How about the good old M5M5256 SRAM chips at 70ns, each has 32K capacity (they were used in the 7800 SRAM carts as well as in some CDi models (470/490 for sure) as save states atop the Dallas battery backup timer chip socket sandwich thing they had).

8 of them add up to 256KB of SRAM goodness, and that is enough to have MD/SNES/NeoGeo main memory twice over (SNES being the biigest at 128KB).

I can see a lot of 10 for 30US$.

 

Or how about cy62128, 128KB per chip also at 70ns, 2 chips and we have 256KB of SRAM goodness accessible in random order at the byte level at 13Mhz (give or take). You can get 5 of them for 13US$ (assuming they are not counterfeit ...).

 

My point is there's enough cheap SRAM that could be used on this FPGA wishful board (aka Z3K) if SDRAM is too hard to get working with a decent byte level random access and for relatively cheap at that.

 

I am sure there are more modern/cheaper/faster/still-in-production SRAM chips that could be used.

For consoles up to 16bits one of the good thing is that RAM was at a premium so they have very little (the PCE 8K, the SuperGrafx had 32K, MD 64K, SNES 128K, NeoGeo 64K) even if we account for VRAM/SoundRAM the NeoGeo tops at 256K ish (really 214KB of SRAM), and the rest close by, 4 chip of that cy6128 would give 512KB for future proofing over 4 independent buses if needs be for concurrent access.

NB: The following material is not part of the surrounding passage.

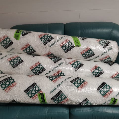 Puretaan pois noin 60 neliömetrin alueelta, tarkka määrä selviää purkamisen edetessä. Mukaan saa halutessaan erillisen askeläänieristeen.

the problem is 32K of SRAM is nothing. even 256K of SRAM is nothing. the FPGA has plenty of blockrams on it in this size or better, and can run much faster- 150-200MHz or more. The problem is bulk storage (i.e. neogeo carts) and sometimes raw speed (tg16). Many tg16 games won't fit into 8 32K SRAMs. The problem with SDRAM/DDR is latency. These systems require random access to the storage medium to run the game, and SDRAM/DDR is designed for burst access. i.e. you precharge, open the row, and burst out 2 or more words of data really fast.

 

With older videogame stuff that had asynchronous memory, they expect to present an address and read data X nanoseconds later. Shoehorning this into SDRAM access means the SDRAM has to run through the entire access process for each byte/word the system expects. i.e. precharge, open the row, send address, read. each of those things take a certain number of clocks to perform. There's also refreshing to worry about. The refreshing can be spaced out using "hidden refresh" but this also increases the latency as well.

 

The tg16 wants data at 7.2MHz which is pretty damn fast when it comes to random access on the SDRAM, even when the SDRAM is running at 165MHz. For PC style emulation this isn't such a huge problem- they can take advantage of bursting and caching to get around a lot of the problems with FPGA style low level hardware emulation.